Write the entries out again exactly as they stand, but without the pictures.

··· Records for this exercise

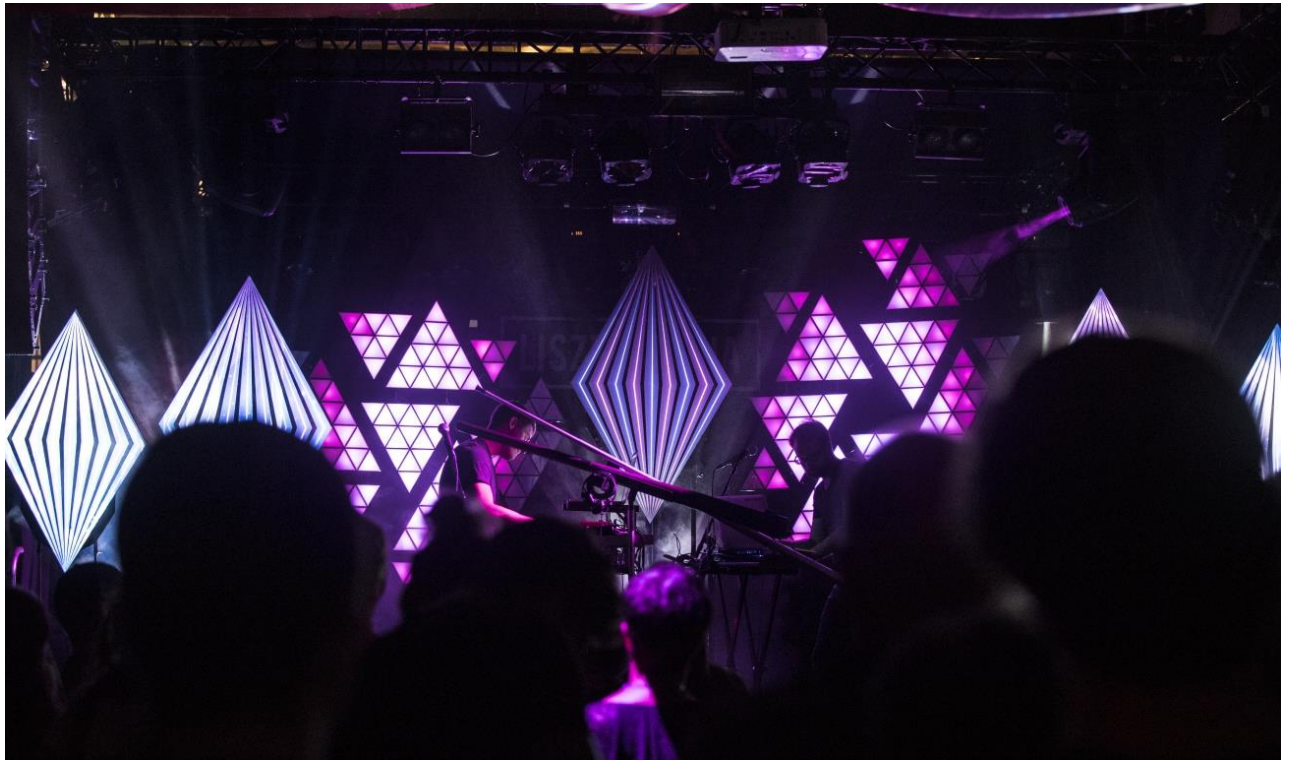
Figure 5 : Photo de la scène du bar Lisztomania 15

On peut remarquer sur la figure 5, photo de la scène du Lisztomania, que l'ambiance est calme et que le public est dans le noir. Cela rend la communication entre le public et les artistes difficile.
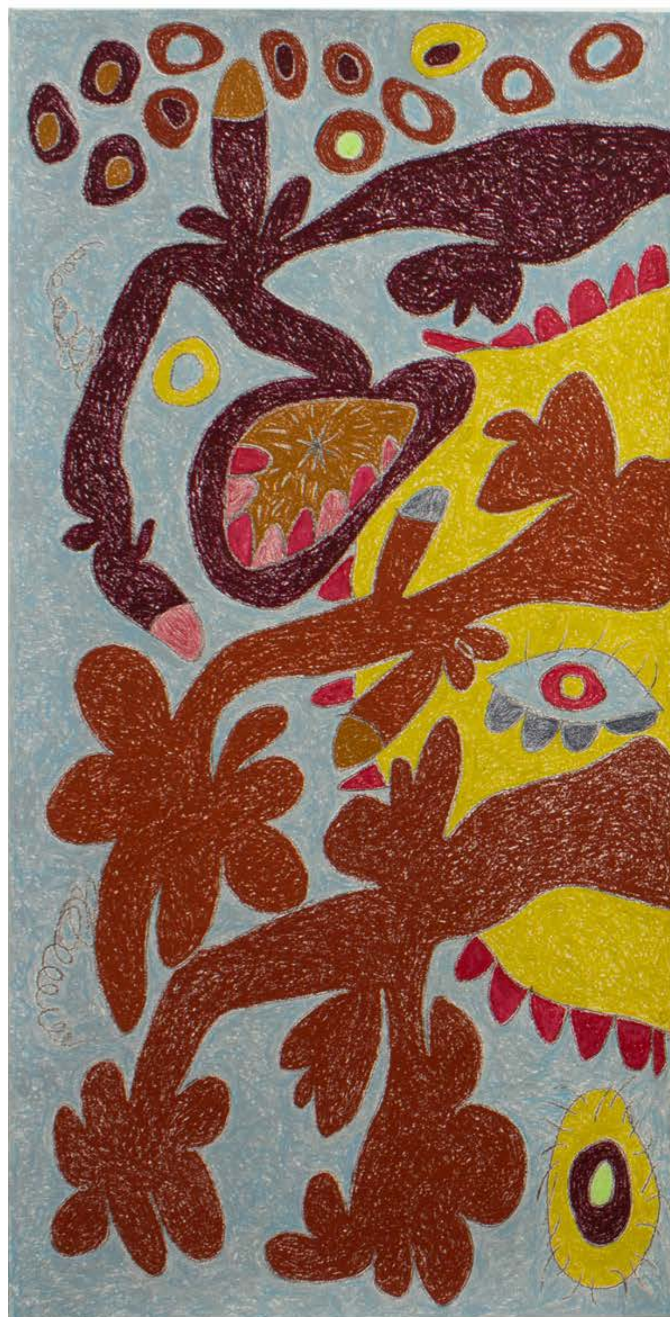
Inhale , 2019 Híbrido (Díptico) / Hybrid (Diptych) Óleo sobre lienzo / Oil on canvas 183 x 213 cm / 72 x 84"
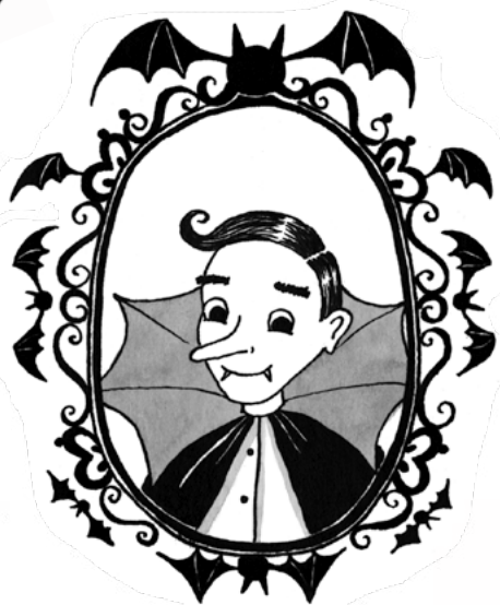
Můj tatínek hrabě Bartoloměj Měsíčekový
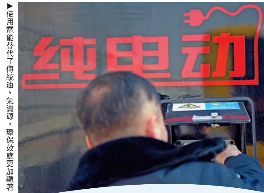
使用電能替代了傳統油、氣資源，環保效應更加顯著

充電樁能為列中國積極發展的新基建之一，原因絕不僅因為要發展新能源汽车，充電樁能與先進資訊技術融合、車企與互聯網平台互相配合運營，屆時整個充電網絡將更加數位化，有效降低用電成本，同時提升充電樁的使用率。螞蟻金服開始涉足這個市場，相信便是看到這個行業的發展潛力。
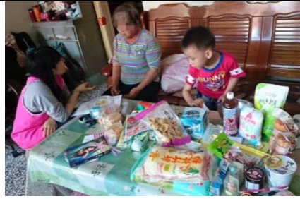
將食物箱宅配到府，用心傾聽、關懷家戶近況
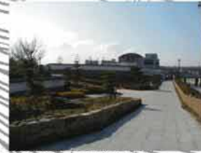
落ち着いた城址公園

③城址公園周辺整備 城址公園、中央図書館、歴史博物館用地一帯は、まとまりある公共的なエリアとして、城内地区の玄関口にふさわしい空間整備を図る。
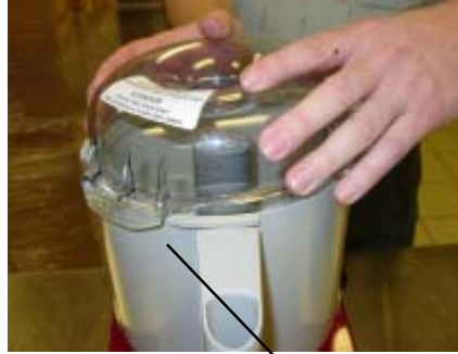
Paso cuatro: Tapa de tazon de lugar en con la etiqueta mas grande en tazon ligeramente a la izquierda
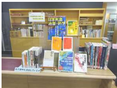
「千島海溝型超巨大地震への備えと防災・減災対策」

9月5日(月)から9日(金)までは研修会「千島海溝型超巨大地震への備えと防災・減災対策」に関連した資料展示、12月14日(水)から28日(水)までは講演会「新たな公共交通への取組みについて」に関連した資料展示を行いました。
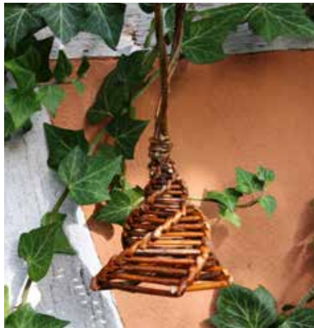
Vogel-Futterplätze aus Weidenruten - Beispiel Fettfutter-Glocke
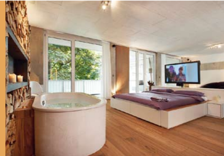
Stark im Trend: Schlafen, Wohnen und Ankleide verschmelzen zunehmend mit dem Badbereich. Wir zeigen typische Beispiele.
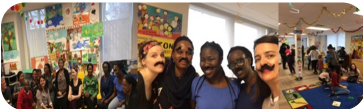
Activités organisées par l'équipe de la petite enfance
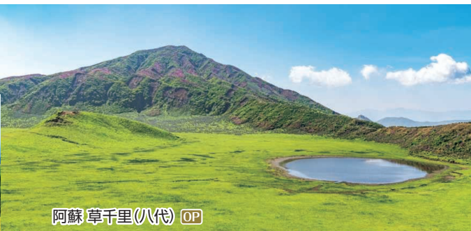
阿蘇 草千里(八代) OP
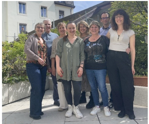
Rencontre des responsables de cours à Lausanne, mai 2023

En étroite collaboration avec Syna et avec le soutien unanime du comité directeur, une nouvelle offre de cours a été développée pour les collaborateurs syndicaux . Celle-ci est étroitement liée aux besoins professionnels des collaborateurs ainsi qu'à leur développement interne. En 2023, sept cours ont déjà été organisés dans ce contexte pour ce groupe cible (par exemple sur l'organizing et la fidélisation des membres).
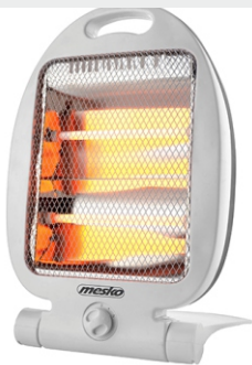
Quartz Heater MS 7710
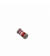
JANTX1N754CUR-1 Microsemi Corporation DIODE ZENER 6.8V 500MW DO213AA
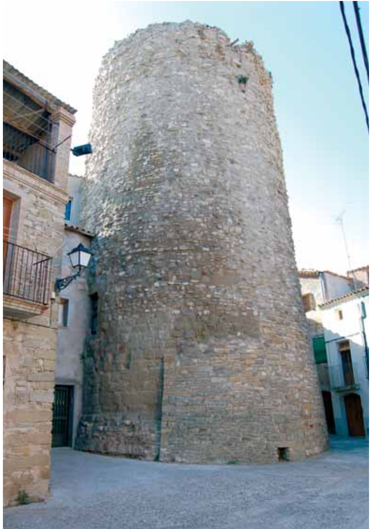
6. Vista general de la torre de Ivorra (Ivorra)

A la torre de Vallferosa (Torà) trobem que les úniques obertures corresponen a la porta
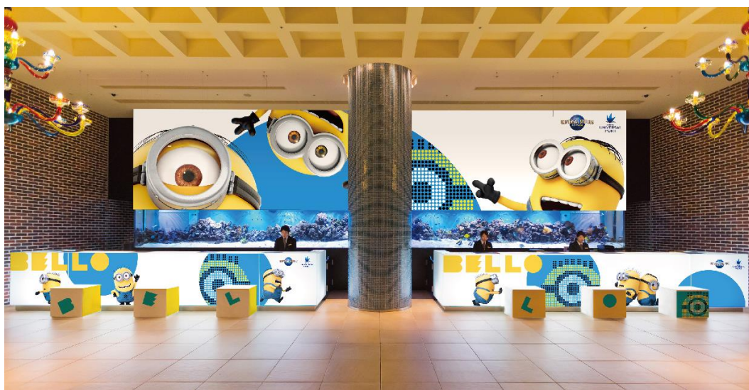
ミニオン・ビッグ・ベロー・デコレーション！（イメージ）

ユニバーサル・スタジオ・ジャパン オフィシャルホテル『ホテル ユニバーサル ポート』（所在地：大阪府大阪市此花区、総支配人：金井 紀生）は、2019年7月15日（祝・月）より、パークの人気者「ミニオン」をモチーフとしたロビー装飾「ミニオン・ビッグ・ベロー・デコレーション！」を開始しますのでお知らせします。
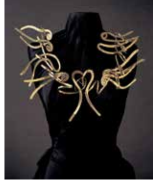
Görsel 3. Salvador Dali, telefon küpe, 1949
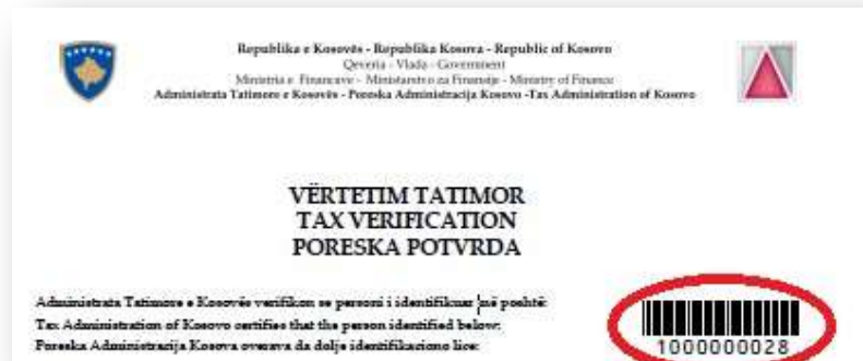
Slika 10: Serijski broj poreske potvrde
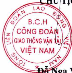
Đỗ Nga Việt
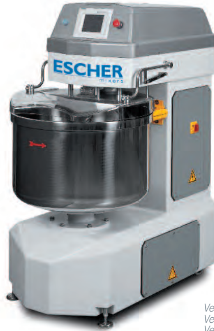
Version with touch screen Versione con touch screen Version avec écran tactile
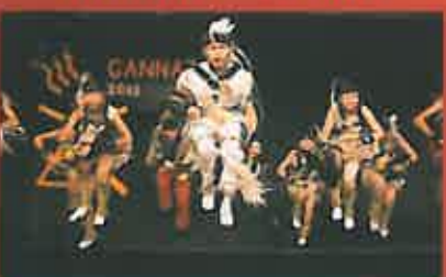
Peuple yakoute Russie
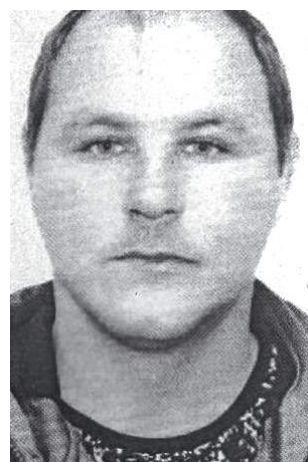
Всех, у кого есть информация о совершенных подозреваемым преступлениях, просьба сообщить по телефону 8(496)422-35-76.

Еще в 2020 году фамилию мужичины «склоняли» в чатах Орехова-Зуева, но совсем по другой причине. Уроженца Брянска упрекали в том, что он мухлюет при реализации товаров через Интернет. А в 2021 году он в очередной раз отправился в тюрьму на 2,5 года по приговору Орехово-Зуевского суда:
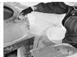
左官技法による修理

今回、令和3年1月から2月にかけて、かまどと周囲のたたき土間の一部を修理しました。かまどはひび割れなど損傷している部分をいったん崩してから塗り直し、たたき土間も傷んでいる部分を中心に、伝統的な左官の技術により施工しました。
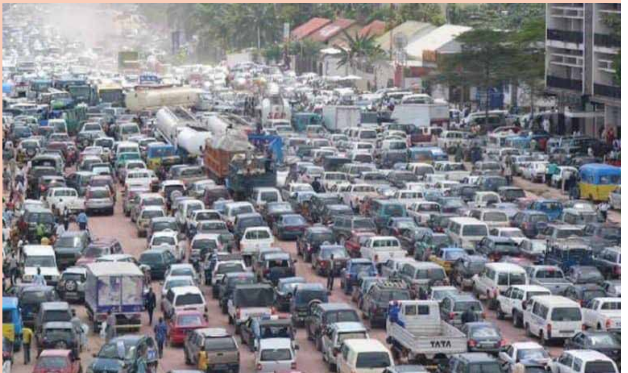
À Kin, l'incroyable nombre de véhicules et de motos qui prennent la route et l'absence de voies créent le chaos.
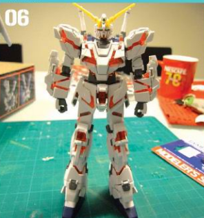
06 上半身与下半身各完成部分。
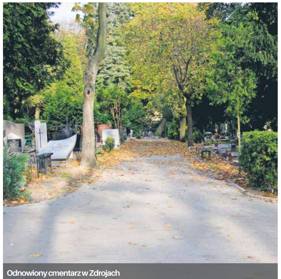
Odnowiony cmentarz w Zdrojach
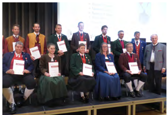
Bezirk Bregenzerwald - 25
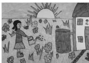
AUTOR: WERONIKA MOROZ
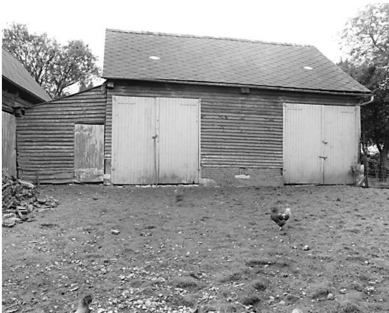
Vue de la remise agricole, fin 19e siècle.

······

_Answer:_
Figure 5 : Photo de la scène du bar Lisztomania 15

On peut remarquer sur la figure 5, photo de la scène du Lisztomania, que l'ambiance est calme et que le public est dans le noir. Cela rend la communication entre le public et les artistes difficile.
Inhale , 2019 Híbrido (Díptico) / Hybrid (Diptych) Óleo sobre lienzo / Oil on canvas 183 x 213 cm / 72 x 84"
Můj tatínek hrabě Bartoloměj Měsíčekový
使用電能替代了傳統油、氣資源，環保效應更加顯著

充電樁能為列中國積極發展的新基建之一，原因絕不僅因為要發展新能源汽车，充電樁能與先進資訊技術融合、車企與互聯網平台互相配合運營，屆時整個充電網絡將更加數位化，有效降低用電成本，同時提升充電樁的使用率。螞蟻金服開始涉足這個市場，相信便是看到這個行業的發展潛力。
將食物箱宅配到府，用心傾聽、關懷家戶近況
落ち着いた城址公園

③城址公園周辺整備 城址公園、中央図書館、歴史博物館用地一帯は、まとまりある公共的なエリアとして、城内地区の玄関口にふさわしい空間整備を図る。
Paso cuatro: Tapa de tazon de lugar en con la etiqueta mas grande en tazon ligeramente a la izquierda
「千島海溝型超巨大地震への備えと防災・減災対策」

9月5日(月)から9日(金)までは研修会「千島海溝型超巨大地震への備えと防災・減災対策」に関連した資料展示、12月14日(水)から28日(水)までは講演会「新たな公共交通への取組みについて」に関連した資料展示を行いました。
Vogel-Futterplätze aus Weidenruten - Beispiel Fettfutter-Glocke
Stark im Trend: Schlafen, Wohnen und Ankleide verschmelzen zunehmend mit dem Badbereich. Wir zeigen typische Beispiele.
Activités organisées par l'équipe de la petite enfance
阿蘇 草千里(八代) OP
Rencontre des responsables de cours à Lausanne, mai 2023

En étroite collaboration avec Syna et avec le soutien unanime du comité directeur, une nouvelle offre de cours a été développée pour les collaborateurs syndicaux . Celle-ci est étroitement liée aux besoins professionnels des collaborateurs ainsi qu'à leur développement interne. En 2023, sept cours ont déjà été organisés dans ce contexte pour ce groupe cible (par exemple sur l'organizing et la fidélisation des membres).
Quartz Heater MS 7710
JANTX1N754CUR-1 Microsemi Corporation DIODE ZENER 6.8V 500MW DO213AA
6. Vista general de la torre de Ivorra (Ivorra)

A la torre de Vallferosa (Torà) trobem que les úniques obertures corresponen a la porta
ミニオン・ビッグ・ベロー・デコレーション！（イメージ）

ユニバーサル・スタジオ・ジャパン オフィシャルホテル『ホテル ユニバーサル ポート』（所在地：大阪府大阪市此花区、総支配人：金井 紀生）は、2019年7月15日（祝・月）より、パークの人気者「ミニオン」をモチーフとしたロビー装飾「ミニオン・ビッグ・ベロー・デコレーション！」を開始しますのでお知らせします。
Görsel 3. Salvador Dali, telefon küpe, 1949
Slika 10: Serijski broj poreske potvrde
Đỗ Nga Việt
Version with touch screen Versione con touch screen Version avec écran tactile
Peuple yakoute Russie
Всех, у кого есть информация о совершенных подозреваемым преступлениях, просьба сообщить по телефону 8(496)422-35-76.

Еще в 2020 году фамилию мужичины «склоняли» в чатах Орехова-Зуева, но совсем по другой причине. Уроженца Брянска упрекали в том, что он мухлюет при реализации товаров через Интернет. А в 2021 году он в очередной раз отправился в тюрьму на 2,5 года по приговору Орехово-Зуевского суда:
左官技法による修理

今回、令和3年1月から2月にかけて、かまどと周囲のたたき土間の一部を修理しました。かまどはひび割れなど損傷している部分をいったん崩してから塗り直し、たたき土間も傷んでいる部分を中心に、伝統的な左官の技術により施工しました。
À Kin, l'incroyable nombre de véhicules et de motos qui prennent la route et l'absence de voies créent le chaos.
06 上半身与下半身各完成部分。
Odnowiony cmentarz w Zdrojach
Bezirk Bregenzerwald - 25
AUTOR: WERONIKA MOROZ
Vue de la remise agricole, fin 19e siècle.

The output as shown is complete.